I hope this message finds you well! I have been exploring ways to enhance user privacy on our Discourse forum, and I came across the idea of hashing usernames in profile URLs.
Currently, profile links are structured like this: https://meta.discourse.org/u/user, which exposes the username directly. I was looking at other forums online and it appears it hashes the profile URL. Not sure how since these forums were unrelated to nor used Discourse so the code is beyond me.
I was wondering if there is a way to hash the username so that the profile URL could be transformed into something more privacy-conscious, such as a Unix timestamp representing when the user joined.

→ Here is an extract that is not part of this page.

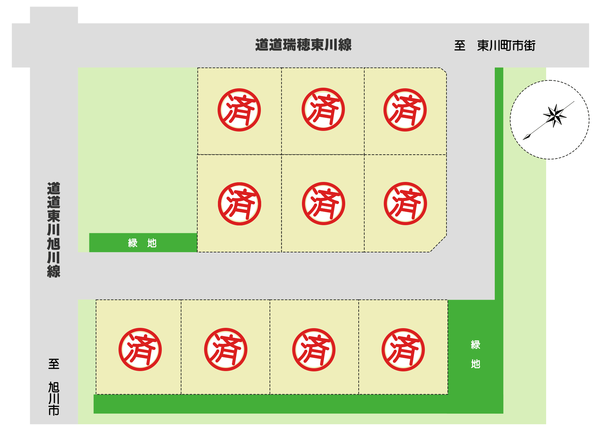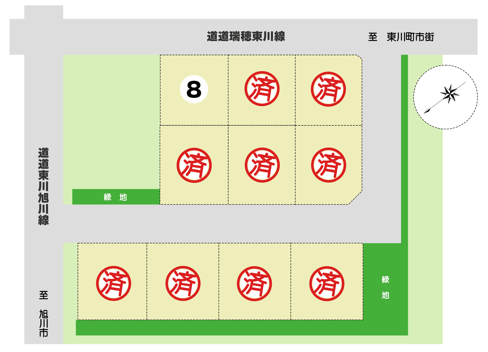 | 総区画数 | 一般住宅用3区画(区画8) (店舗併用可:基準あり)92.37坪~102.85坪 |

For example, instead of the standard URL, it could look something like https://meta.discourse.org/u/1735526984061 (where 1735526984061 is the Unix timestamp in miliseconds).
If hashing usernames in this manner is not currently possible, I would like to encourage someone from the community to consider creating a merge request to implement this feature. It would be a great addition to enhance user privacy and security. I Was unsure as to post this in support or feature as it could go either way.
It can be, but its like every other platform uses the similar kind of URL, can you elaborate what privacy and security means here it’s just to hide the users name or is it something you want to protect them from getting reversed engineer?
What advantages do you foresee in concealing usernames in URLs, given that usernames are ubiquitous throughout Discourse for attributing authorship and facilitating connections with users?
You have the option to choose a username, which does not reveal anything about you.
Well, for starters there are many tools to lookup if a username exists on websites and this would limit that endpoint of https://$DISCOURSE_FORUM/u/$USERNAME/. Since Discourse the default setup doesn’t limit viewing a users profile to only signed in users, this is kinda where I’m getting at.
Well I’m only talking the user profile like e.g. u/exampleuser not the username on forum posts. By not displaying usernames in user profile URLs, it becomes more difficult for malicious actors to target specific users for harassment or phishing attempts. This can create a safer online environment.
There are other forums that the username is still in their in posts but not when you click on the posters profile the user URL is hashed using some method.
You have the option to choose a username, which does not reveal anything about you.